Be A Teacher! Read A Script! Administer Tests! Fear For Your Job At All Times!

That's the message that young people have gotten in the Era of Education Reform about the teaching profession according to Stephen Mulcher, director of the Bard College Master of Arts Teaching Program in Los Angeles:

Finding candidates to fill this role, especially good candidates, may be more difficult than policymakers are willing to admit. Despite their clear interest in public service, the students I meet betray little enthusiasm for teaching as it now exists. And I see even less indication that major trends in public education—standardization, the proliferation of testing, the elimination of tenure and seniority, and expansion of school choice—have made teaching any more attractive as a career option.  Prospective teachers, much like the young educators already working in schools, are especially skeptical of accountability measures that tie a teacher’s job security or pay grade to student test scores. And many are bothered by the way teachers are blamed for much broader social problems.

As a result, today’s college students, including those currently marching on campus, are significantly less likely than their parents to see teaching as a viable way to become agents of social change. Of all age groups, voters 18-29 are the most pessimistic about the teaching profession. Only 24 percent are “very likely” to encourage a friend or family member to become a K-12 teacher today.

...

In a comparison across 14 professions, teaching ranked last among respondents who felt that their “opinions seem to count,” or included workplaces with “an environment that is trusting and open.”  Three out of four teachers complain that high stakes testing takes too much classroom time away from actual teaching. Nearly 9 in 10 teachers feel that linking teacher evaluations to students’ test scores is “unfair.”

...

“All teachers do now is read from scripts and administer tests all day,” a Senior psychology major at the University of North Carolina at Greensboro told me last spring.

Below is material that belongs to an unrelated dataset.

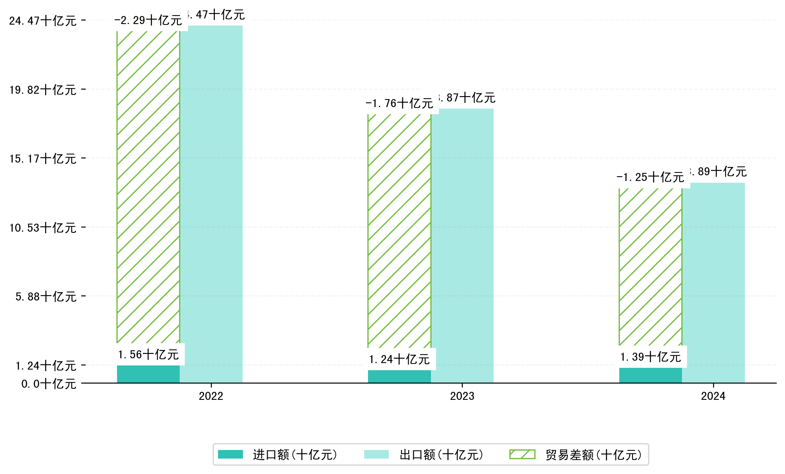 以美元计,2024年1-10月抚州市贸易差额为17,5856,8552万美元(贸易顺差),相比上年同期减少了7,5756,2194万美元,同比减少-30.11%。
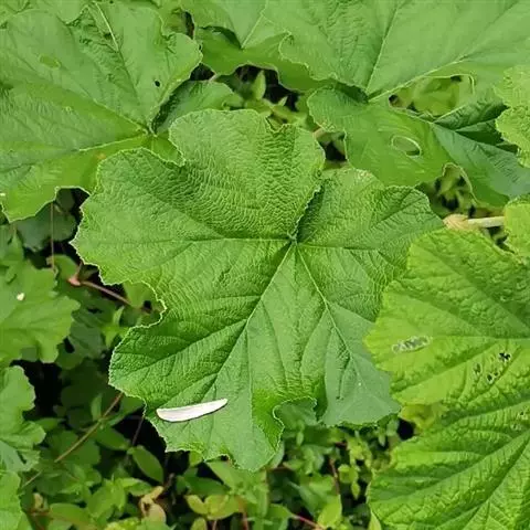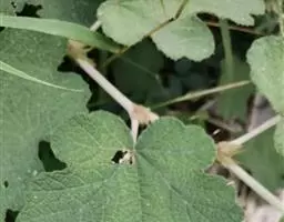 单叶宽卵形,稀长圆状卵形,长5-10(12)厘米,宽a1-8厘米,顶端渐尖,基部心形,上面疏生柔毛或沿叶脉有柔毛,下面被疏柔毛,沿叶脉毛较密,中脉上常疏生小皮刺,边缘明显3-5裂或呈波状,有细锯齿;叶柄长2-4(5)厘米,具细柔毛或近于无毛,有稀疏小皮刺;托叶离生,线状深裂,有细柔毛或近无毛,常脱落。

Why would anyone in their right mind go into teaching these days when you are evaluated via test scores (often the scores of students you don't even teach!), you can be "drive-by evaluated" at any moment by an administrator who will come into your classroom for fifteen minutes and rate you using a rubric that you cannot possibly fulfill in that fifteen minute snippet of teaching, your seniority and tenure protections are stripped from you, your pay is increasingly tied to "student performance" as measured by standardized tests and you have no autonomy to teach what you want to teach or how you want to teach but must read from pre-approved EngageNY scripts that suck the soul and life out of education?

Seriously, why would anyone want to go into that king of "profession"?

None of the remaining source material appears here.